Citgroup paid its new CEO Michael Corbat $11.5 million in 2012, including one of the few cash bonuses doled out to established Wall Street CEOs last year.
The pay package, disclosed in a regulatory filing late Thursday, comes a year after Citigroup shareholders rejected a $15 million pay package for then-CEO Vikram Pandit.
Michael O'Neill, Citigroup's chairman, said Corbat's salary structure "more strongly connects compensation with performance, emphasizes strong risk management, and is both competitive and in line with regulatory standards." When Citi's compensation committee sought to determine Corbat's pay, it consulted with major shareholders, who between them hold 30% of Citigroup shares.
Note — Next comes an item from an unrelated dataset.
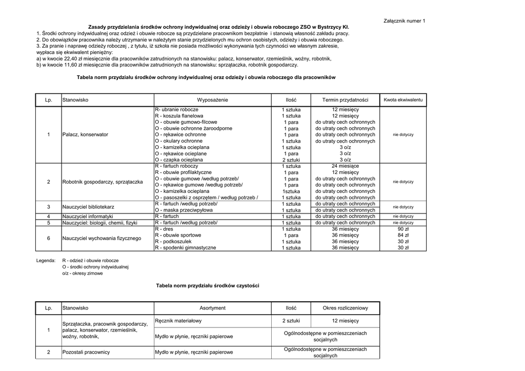 Załącznik numer 1 Zasady przydzielania środków ochrony indywidualnej oraz odzieży i obuwia roboczego ZSO w Bystrzycy Kł. 1. Środki ochrony indywidualnej oraz odzież i obuwie robocze są przydzielane pracownikom bezpłatnie i stanowią własność zakładu pracy. 2. Do obowiązków pracownika należy utrzymanie w należytym stanie przydzielonych mu ochron osobistych, odzieży i obuwia roboczego. 3. Za pranie i naprawę odzieży roboczej , z tytułu, iż szkoła nie posiada możliwości wykonywania tych czynności we własnym zakresie, wypłaca się ekwiwalent pieniężny: a) w kwocie 22,40 zł miesięcznie dla pracowników zatrudnionych na stanowisku: palacz, konserwator, rzemieślnik, woźny, robotnik, b) w kwocie 11,60 zł miesięcznie dla pracowników zatrudnionych na stanowisku: sprzątaczka, robotnik gospodarczy. Tabela norm przydziału środków ochrony indywidualnej oraz odzieży i obuwia roboczego dla pracowników Lp. Stanowisko 1 Palacz, konserwator 2 Robotnik gospodarczy, sprzątaczka 3 Nauczyciel bibliotekarz 4 5 Nauczyciel informatyki Nauczyciel: biologii, chemii, fizyki 6 Legenda: Nauczyciel wychowania fizycznego Wyposażenie Ilość Termin przydatności 1 sztuka 1 sztuka 1 para 1 para 1 para 1 sztuka 1 sztuka 1 para 2 sztuki 1 sztuka 1 para 1 para 1 para 1sztuka 1 sztuka 1 sztuka 1 sztuka 1 sztuka 1 sztuka 1 sztuka 1 para 1 sztuka 1 sztuka 12 miesięcy 12 miesięcy do utraty cech ochronnych do utraty cech ochronnych do utraty cech ochronnych do utraty cech ochronnych 3 o/z 3 o/z 3 o/z 24 miesiące 12 miesięcy do utraty cech ochronnych do utraty cech ochronnych do utraty cech ochronnych do utraty cech ochronnych do utraty cech ochronnych do utraty cech ochronnych do utraty cech ochronnych do utraty cech ochronnych 36 miesięcy 36 miesięcy 36 miesięcy 36 miesięcy Ilość Okres rozliczeniowy Ręcznik materiałowy 2 sztuki 12 miesięcy Mydło w płynie, ręczniki papierowe Ogólnodostępne w pomieszczeniach socjalnych Mydło w płynie, ręczniki papierowe Ogólnodostępne w pomieszczeniach socjalnych R- ubranie robocze R - koszula flanelowa O - obuwie gumowo-filcowe O - obuwie ochronne żaroodporne O - rękawice ochronne O - okulary ochronne O - kamizelka ocieplana O - rękawice ocieplane O - czapka ocieplana R - fartuch roboczy R - obuwie profilaktyczne O - obuwie gumowe /według potrzeb/ O - rękawice gumowe /według potrzeb/ O - kamizelka ocieplana O - pasoszelki z osprzętem / według potrzeb / R - fartuch /według potrzeb/ O - maska przeciwpyłowa R - fartuch R - fartuch /według potrzeb/ R - dres R - obuwie sportowe R - podkoszulek R - spodenki gimnastyczne R - odzież i obuwie robocze O - środki ochrony indywidualnej o/z - okresy zimowe Tabela norm przydziału środków czystości Lp. 1 2 Stanowisko Sprzątaczka, pracownik gospodarczy, palacz, konserwator, rzemieślnik, woźny, robotnik, Pozostali pracownicy Asortyment Kwota ekwiwalentu nie dotyczy nie dotyczy nie dotyczy nie dotyczy nie dotyczy 90 zł 84 zł 30 zł 30 zł

The group decided to change the way Citi's top brass get paid: Instead of the traditional deferred cash compensation, 30% of their pay last year came in the form of "performance share" stock grants. Those shares won't be paid until 2015, and the amount of stock doled out will be based on how well the company performs. Total shareholder return compared to peers and return on assets will be determining factors.
Corbat is due to get up to $3.1 million in that segment of his pay package.
But Corbat's $4.2 million cash bonus was relatively unique to Wall Street last year. Cash bonuses were missing from the pay packages already announced for Jamie Dimon, CEO of JPMorgan Chase (, James Gorman, CEO of )Morgan Stanley ( and )Brian Moynihan, CEO of Bank of America (. Among the major Wall Street bosses, only )Goldman Sachs ( CEO ) Lloyd Blankfein received a cash bonus -- $5.6 million, as part of his $21 million total pay package.
Dimon, who had his pay slashed by 53% following a huge trading loss at the JPMorgan last year, received his entire bonus in stock last year. In 2011, when he was the top paid bank CEO, he received a cash bonus of $4.5 million as part of his $23 million package.
By contrast, BofA's Moynihan received a large raise last year. Moynihan was paid $12 million in 2012, up from $7 million in 2011, but he did not receive a cash bonus either year.
Corbat's pay package comes in a year that Citigroup announced plans to cut 11,000 jobs worldwide. The downsizing was his first major initiative as CEO.
Corbat had headed Citigroup's operations in Europe, the Middle East and Africa prior to his promotion to CEO in October. Shares of Citigroup, which have risen 15.5% since his appointment, were up nearly 1% in premarket trading.